In October 1998 it was a 911-day and again I had pneumonia no ventilator but a nine-day stay and BiPap then home. This time it was different though as I knew this time my smoking was the reason pneumonia was catching me so often. The plan was formed. You will laugh and so do I now but at the time it was horrific. I made myself sit down and write I hate cigarettes over and over and over. Hoping my mind would believe it because I still did not want to quit but knew I must. After a week of writing my hundred sentences of why I hated smokes I put them down. Three times my husband had to get them out of the garbage three times I broke his heart but the fourth time I threw the pack out the upstairs window in front of him and said, “I will never ask for them again”. He was relieved and delighted. I was miserable. 
Picture of Donna's Family
 The shingles were really causing a lot of pain and discomfort to say the least and no smoking. The shingles broke out real soon after getting home from the hospital. Then in December, back to the hospital again I had pneumonia even though I had not smoked for a month. Now the Doctor added a new companion for me--Oxygen.  So now I no longer would have to worry about needing O2 someday, that day had come. You can count on getting a private room in the hospital when you have Shingles, by the way. Chewing Nicorette gum but not smoking since November 15, 1998. Before the big quit my peak flow meter would never reach over 150, but in January, I recorded a 330. I was grateful and coming down from the Prednisone. However, still I can get 280 when off the big P.

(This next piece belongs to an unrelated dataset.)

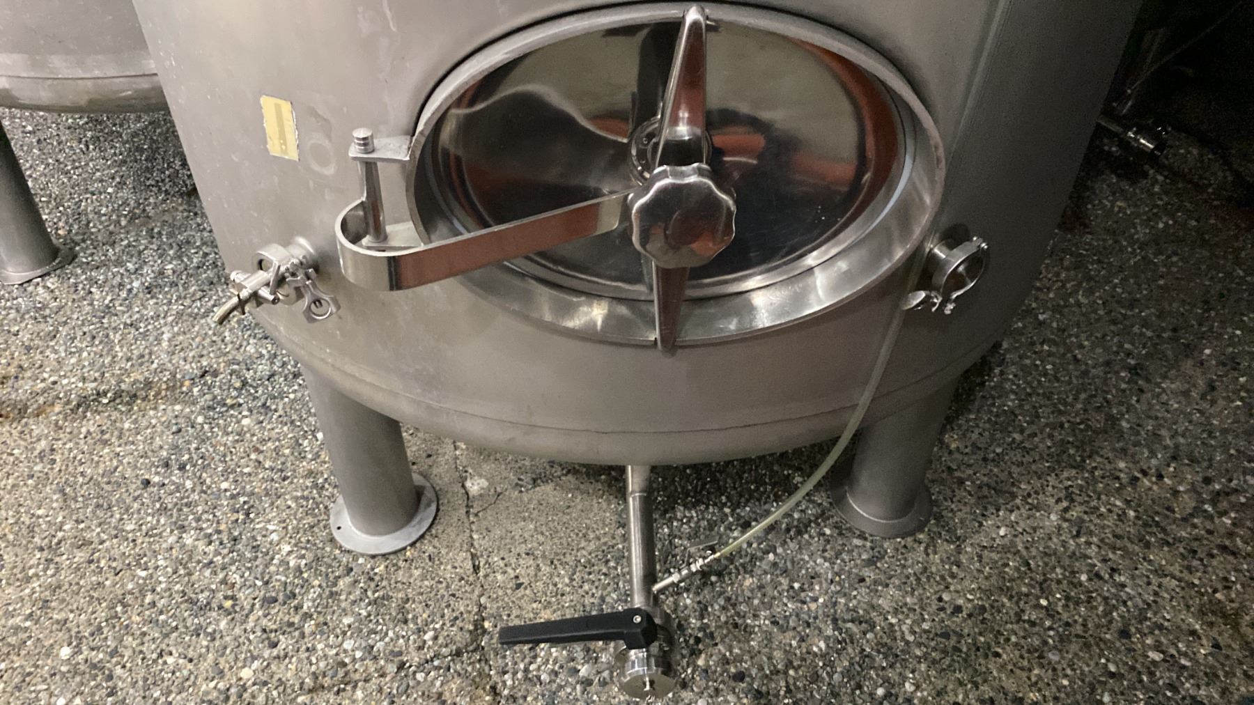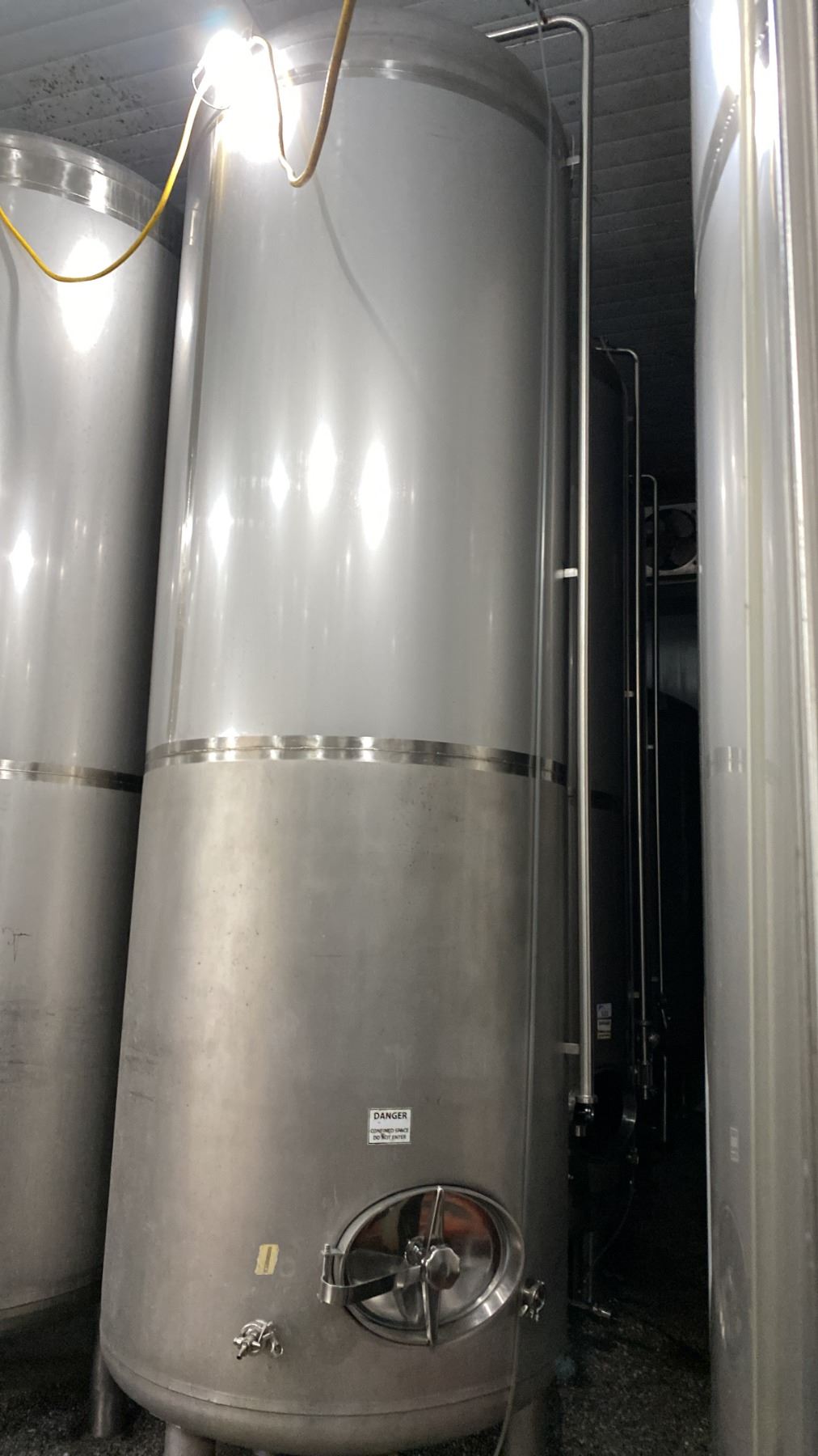 STAINLESS STEEL BRITE TANK MODEL-20 HECTOLITER - APPROX 4'D X 13'H FEET *BUYER WILL REQUIRE ANY TOOLS/EQUIPMENT AND HELP NECESSARY FOR REMOVAL* *REQUIRES HIAB/CRANE FOR REMOVAL*

The other most important thing I did for myself was to realize that the lady I used to be was gone forever.  From that moment on I would be a very different lady, not in mind but in actions and ability to run, and take on the world and all it’s problems to solve. My life had already changed but not my mind, I still wanted my old self back, it broke me completely watching Gordon doing everything and worrying so about me. That was always my job, worrying and doing all the things wives do. This was not satisfying to be waited on, instead of waiting on others. Well, I held a little ceremony in which I introduced the new Donna to myself and decided my health had to come first or I would not have a world at all. So I have now learned to accept the fact I have to do everything slowly and with lots of planning for each move that is to be made. My memories are wonderful ones of when I was trying to be or acting like Wonder Woman. But now it is time for me, although through need not desire, to like this new lady. She is here to still nurture and encourage the grands when they will allow it. She will encourage my husband and daughter and enjoy every moment that they are available. Also, she will take the time to smell the coffee and the scent of flowers, so the sayings go, that most likely were missed occasionally by that other lady.